A new rope bridge is being install to prevent native possums being killed by both predators and heavy traffic at one of Perth’s most sensitive wetlands here in the City of Cockburn.
The City’s long-held commitment to the local environment has always been a priority of the City and those of us who dwell within it. From Bartram Mews’ neighbouring Thomson’s Lake Nature Reserve and wetlands to the white sands of Coogee Beach.
Originally posted on the City of Cockburn website. Click here to view the original article.
The City of Cockburn is preparing to build the first possum bridge in the Perth metropolitan area, with a local contractor installing two support poles on either side of Beeliar Drive, Yangebup in coming weeks.

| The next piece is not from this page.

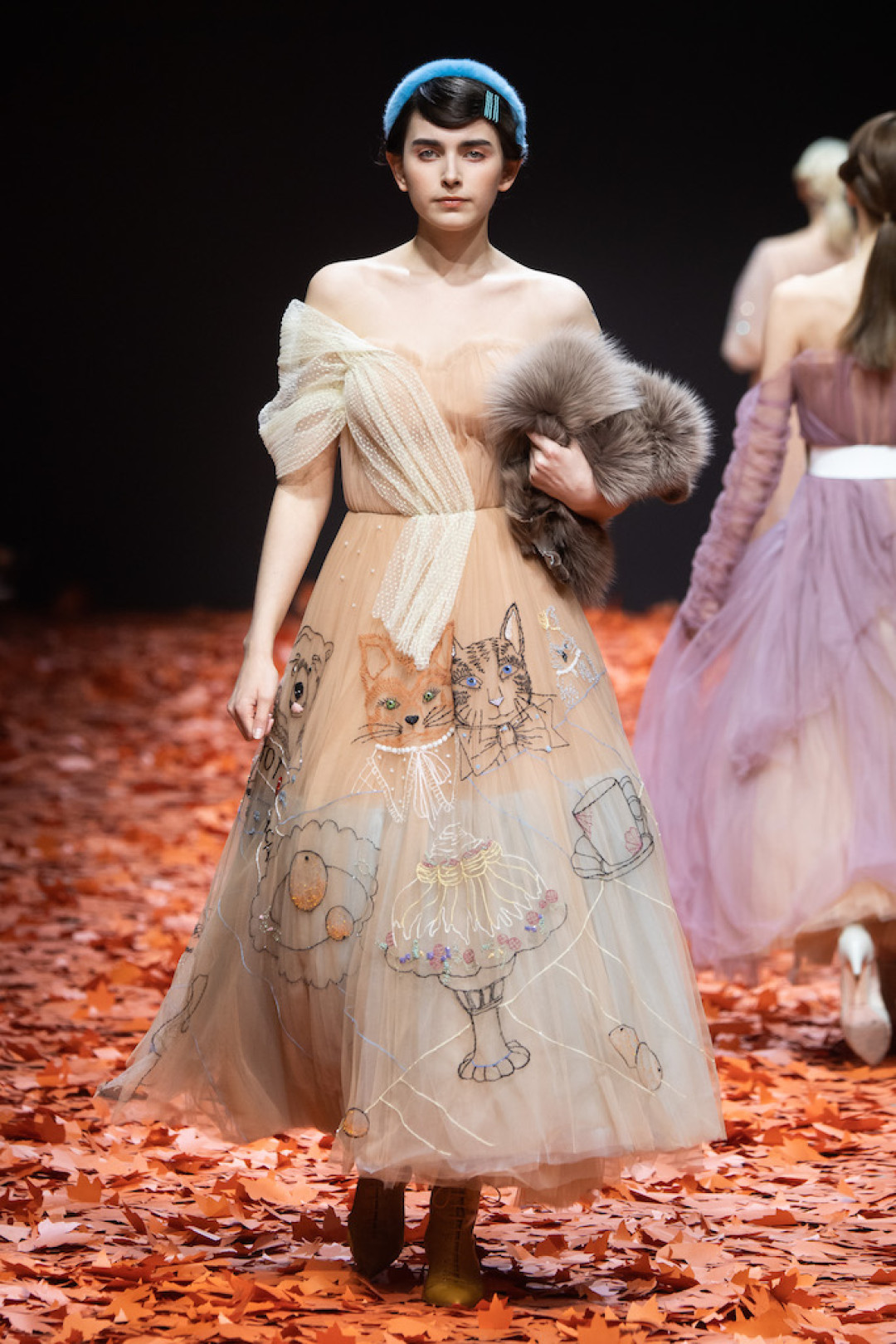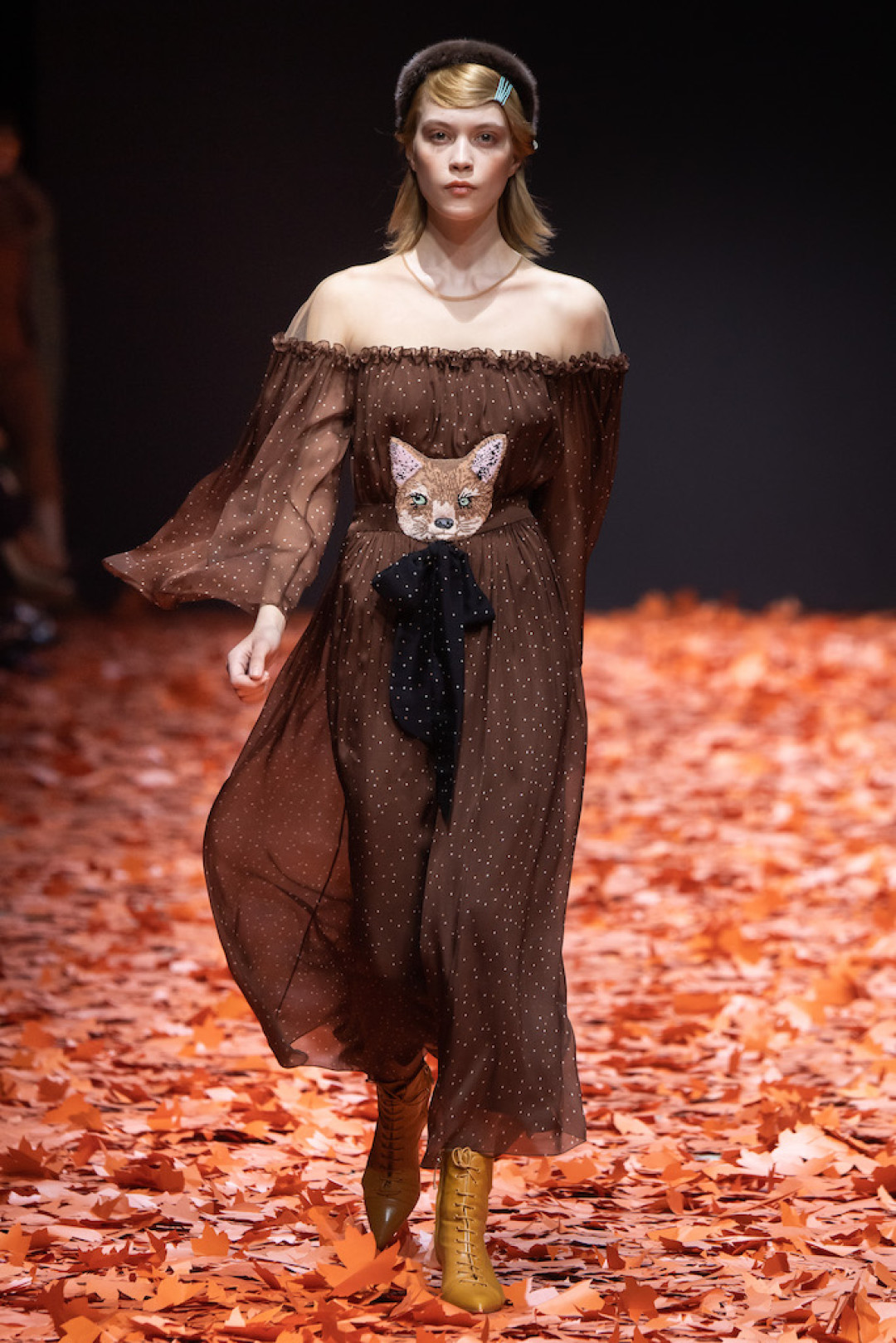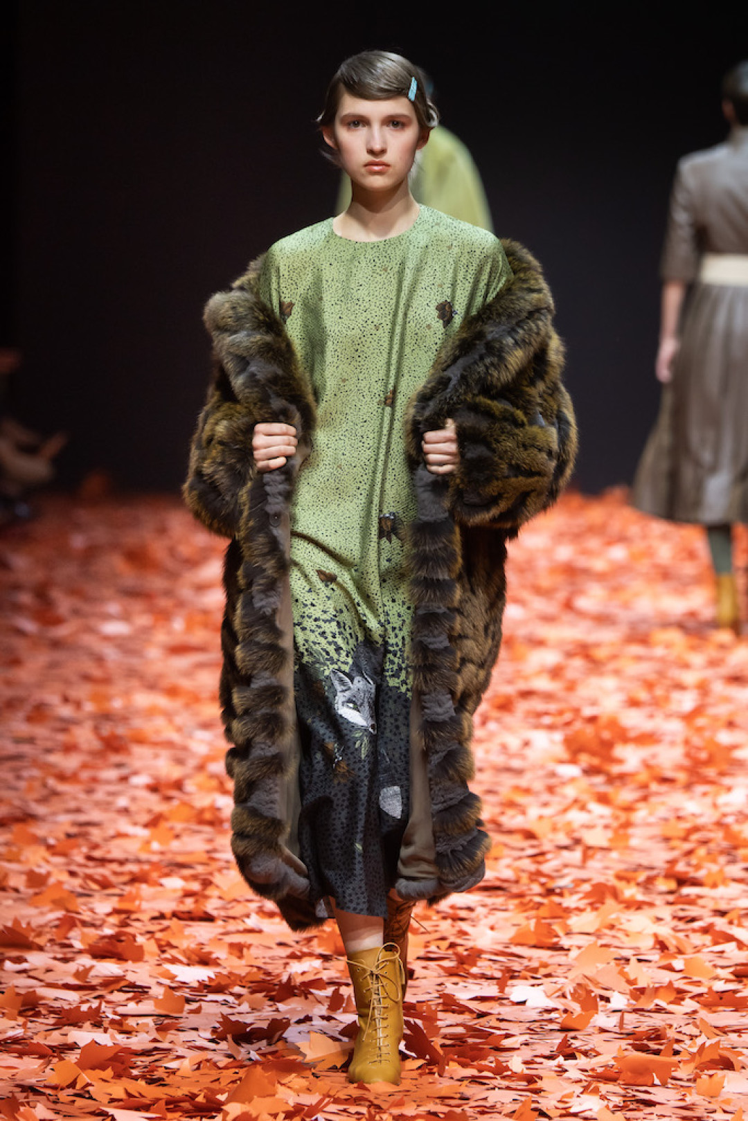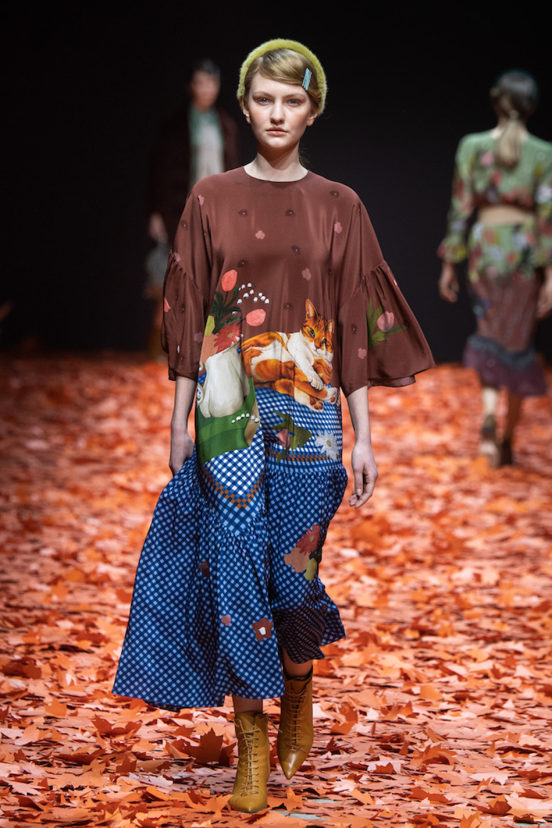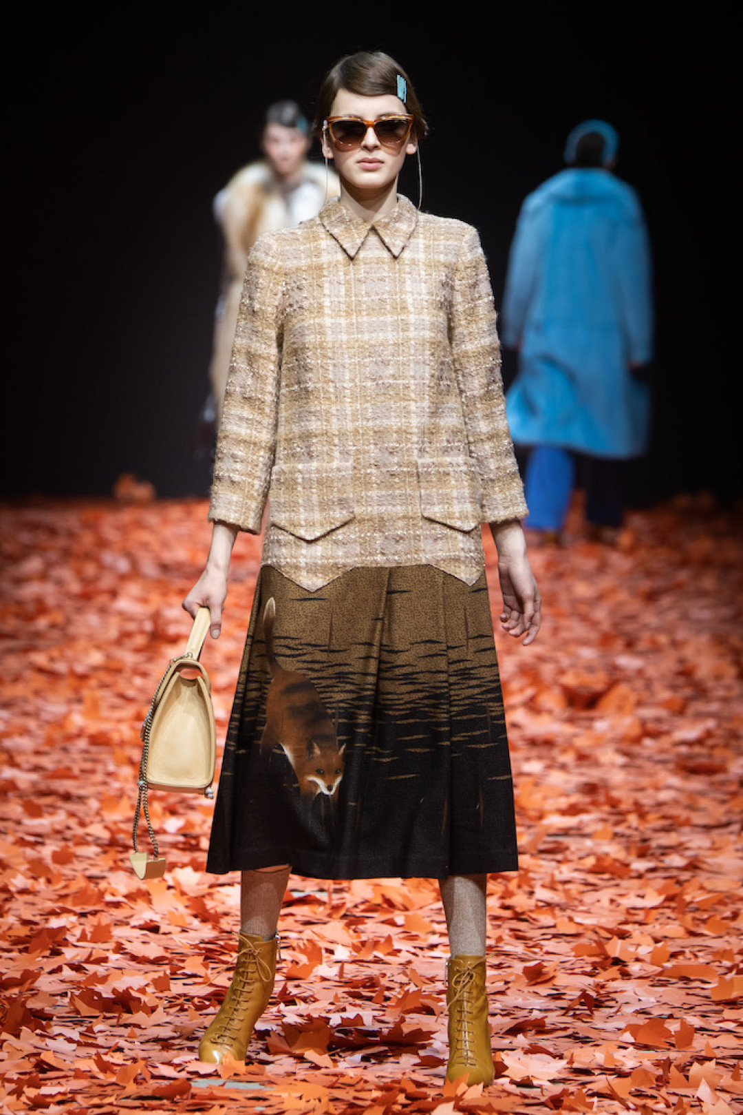 Алена Ахмадуллина показала осенне-зимнюю коллекцию в Музее Москвы в рамках Mercedes-Benz Fashion Week Russia. На платья, пальто, сумки и шубы, сделанные в стилистике 1950-1970-х годов, дизайнер из Петербурга переложила мотив сказки «Кот и Лиса». Лиса появляется в виде купонного принта на нарядах А-силуэта, а кот — в виде вышивки бисером на кутюрных моделях из вечерней линейки.

A cable-tensioned rope bridge will then be strung across the dual carriageway about 200m east of Dunraven Drive between Yangebup Lake and Kogolup Lake in Beeliar Regional Park.
Environment Manager Chris Beaton said although previously thought to be plentiful locally, Brushtail Possums (Trichosurus vulpecula) surveys have indicated very few exist in Yangebup Lake but appear to exist in high numbers at nearby Kogolup Lake.
“A bridge will help possums move through our increasingly fragmented landscape. As tree-dwellers during the day, they forage on the ground at night where they are prey for cats, dogs and foxes.
“As they cross roads between water and food source environments, cars are a constant threat. Studies have found numerous possums living on the Kogalup Lake side of Beeliar Drive, but very few on the other side at Yangebup Lake. We hope the bridge will encourage them to expand their habitat.
“Brushtails are curious opportunists and they won’t know the bridge is there, but there is plenty of evidence over east and down south at Busselton where a bridge operates on Caves Road, that they are used by possums to travel between habitats.
“The Osprey nesting pole installed at Coogee Beach some time ago wasn’t used for a couple of years but has since been used over a number years by the birds to raise chicks.”
Mr Beaton said the City was prepared to embrace projects that were a bit risky to help maintain biodiversity and sustainability for today’s native species populations, and for future generations to enjoy.
The location of the 6.3m tall bridge at a crest in the road between the lakes was chosen due to the presence of some mature trees and dead trees whose hollows may be used by local possums.
Some possums were fitted with microchips during recent research and at a later stage the City’s Environment team hopes to fit the bridge with a microchip reader to record how many and which possums are using it.
In support of the proposal, Western Wildlife lead consultant Jenny Wilcox said possum bridges had been used successfully in other parts of Australia, including bridges for the threatened Western Ringtail Possum (Pseudocheirus peregrinus occidentalis) around Busselton.
Success-based business Future Power, whose core business is the erection of power poles and lines, will install the bridge’s support poles then erect and certify the rope bridge once it has been installed.
Future Power Managing Director Peter Leenhouwers said he was 100% supportive of actions to preserve the environment and improve on past decisions.
“This is a fantastic project and fits in with our green ethos,” Mr Leenhouwers said.
“We are dedicated to doing all we can to manage native species and improve their outlook for future generations.”